Where Our Allegiance Lies

Ben Sansburn
The images and events of January 6, 2021 will live on in history books for a long time. Like many, I watched with a mixture of grief and anger the unfolding scenes yesterday at the US Capitol. Scenes I never thought I would see. Sure, over the past several weeks there had been warnings of the potential for violence, but it seemed those were certainly overblown. The reality that ended up playing out in front of a watching world was more surreal and saddening than we could have imagined.

While I grieve the breakdown of democracy in America, the increasing polarization of our culture, and the continued effort to challenge the Constitution by the sitting president of the United States, what is especially troubling, and should be troubling for all Christians, is the way the language and emblems of Christianity have been tied to all of this. As rioters stormed the Capitol, flying alongside Trump and Confederate flags were “Jesus Saves” banners, Christian flags, and “Jesus 2020” placards. And that wasn’t just the case in DC. Outside the Michigan capitol, in a similar though less violent protest, protesters erected a cross on the grounds outside the capitol building.

This is nothing less than idolatry. Over the past four years, much of the Evangelical church in America has tied its fate to the leadership of Donald Trump and the Republican Party. Brothers and sisters in Christ have sold their birthright for a bowl of stew. Out of fear of the progressive left, allegiance to Jesus and his kingdom have been traded for political power, Supreme Court justices and the promised protection of religious liberty; the only true inheritance exchanged for the preservation of a mythical “Christian” America. We can rationalize it any way we want, but as members of the American church we have to come to grips with the blatant and blasphemous religious syncretism we have slid into. 

Fifty years ago, philosopher and theologian Francis Schaeffer issued a prophetic warning that is strikingly relevant for the church in our political and cultural moment. In The Church at the End of the 20th Century, Schaeffer cautioned against the tendency of God’s people to run to political allegiances that promise safety and affluence. Doing so is risky business:

“… at first, an establishment elite [Schaeffer’s language for conservative politics and parties] will be less harsh on the church than a left-wing elite if that should come to power. But that is a danger. The church will tend to make peace with the establishment and identify itself with it. It will seem better at first, but not in the end if the church is identified with the establishment in the minds of young people…. I believe the church will be greatly hindered.”

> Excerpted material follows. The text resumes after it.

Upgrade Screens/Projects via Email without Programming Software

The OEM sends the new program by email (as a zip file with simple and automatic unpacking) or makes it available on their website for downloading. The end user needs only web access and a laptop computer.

Schaeffer was identifying a massive risk for Christians in connecting ourselves with any political movement. We may tie our cart to what promises safety and security and power now, but in the end it will cost us. It will cost us in our prophetic witness to an onlooking world, and it will cost us our witness to a younger, onlooking generation in the church.

But it’s not just tying ourselves to the “establishment elite” that concerns Schaeffer. Any conflation of our allegiance to God’s kingdom with an allegiance to the kingdoms of this world is dangerous. If we think our allegiance to Jesus and our allegiance to America go hand in hand, we’ve got serious problems.

“These are not two equal loyalties…. It must be taught that patriotic loyalty must not be identified with Christianity. As Christians we are responsible, under the Lordship of Christ in all of life, to carry the Christian principles into our relationship to the state. But we must not make our country and Christianity to be synonymous.”

What Schaeffer was warning against is Christian Nationalism - the idea that “God and country” are two equal, or even close to equal allegiances. Christian Nationalism has a long history and I won’t take time here to unpack it. (See Thomas Kidd’s brief article for a helpful synopsis). What Schaeffer would say, and what I am saying here unequivocally, is that Christian Nationalism is not real Christianity. But alarmingly, this false gospel has taken deep root in the American church. The images on the Capitol steps are another example that makes this sadly clear.

As Donald Trump’s presidency comes to a disgraceful end and we begin a new chapter under a new president, American Christians have the opportunity to do some serious self-examination. And make no mistake, we must. With hearts full of grief and repentance, we must ask ourselves honestly where our allegiance lies. And where the Lord graciously puts his finger on idolatry, we must seek deep repentance. What have we got to lose? For in losing every other hope for power and prosperity, in losing every competing allegiance, in losing every other kingdom, we gain the one that will last far after America itself is a mere footnote on the pages of history.